Hello Hail team,
I’m trying to figure out is hail a good option for my tasks and come to the point where I need some advice.
In my settings I have set of tens of thousands vcf (also have a gvcf but that is a different story) files.
I’d like to integrate them together in a sort of a DB for being able to make a simple queries like:
- give me all sample IDs with the given rsID (of variants in a given locus)
- give me all variants in a given gene/locus
- calculate frequency over subset of samples
and other of that sort.
AND
(which seems as a completely different task) add to that integration (“db”) new samples (batches) time to time.
I’m working on a local server which has SSD and 512GB of RAM
I’ve tested two approaches - with plink and hail (and was also suggested to recruit some programmers and just load everything into oracle, but have not investigate that properly so far).
So far I’m able to assemble plink and hail per chromosome files in couple of days for a set of 10k samples.
PS Hail matrixes I eventually had to constructed by importing plink files, as far as I failed to find a correct way of importing and integrating vcf (not a gvcf) files.
As far as I see it for now hail does not particularly well suited for the task of querying (using it as a db) because (as far as I understand) it lack the random access to the data due to distributed architecture.
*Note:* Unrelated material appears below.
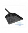 Durable, black, metal dust pan is made from a single piece of steel for the ultimate in strength. Constructed from strong, 20-gauge steel and protected by a baked enamel finish that is meant to withstand heavy use. Portable and sturdy dust pan provides long service life, even with extended use. Includes a built-in hang-up or lanyard hole for convenient storage.

And plink seems to be a faster option here.
But my concerns are: 1) that I’ll hit the limits of plink capability at some point 2) that I’ll need to perform some proper data wrangling (GWAS, PRS, etc) and hail might be more suitable.
Concerning the second task (addition of the a single sample to “db”) - is it possible to perform such operation efficiently in hail (without reading/writing the whole dataset, no joint calling just a simple addition of vcf file)?
Should I consider an option of proper DB creation?
Best, Eugene
PS my I apology if these questions are a bit naïve
Is this genotype chip data or sequencing data?
Hail supports fast row filtering if you use the row key. Hail MatrixTables are traditionally keyed by locus (and alleles). Any of the following operation should read O(subset) amount of data:
filter_rows(mt.locus == ...)
filter_rows(locus_set.contains(mt.locus))
filter_rows(locus_interval.contains(mt.locus))
Therefore, for Hail to rapidly subset on the variant access you need to separately maintain:
- A map from rsID to locus & alleles.
- A map from gene name to locus-interval.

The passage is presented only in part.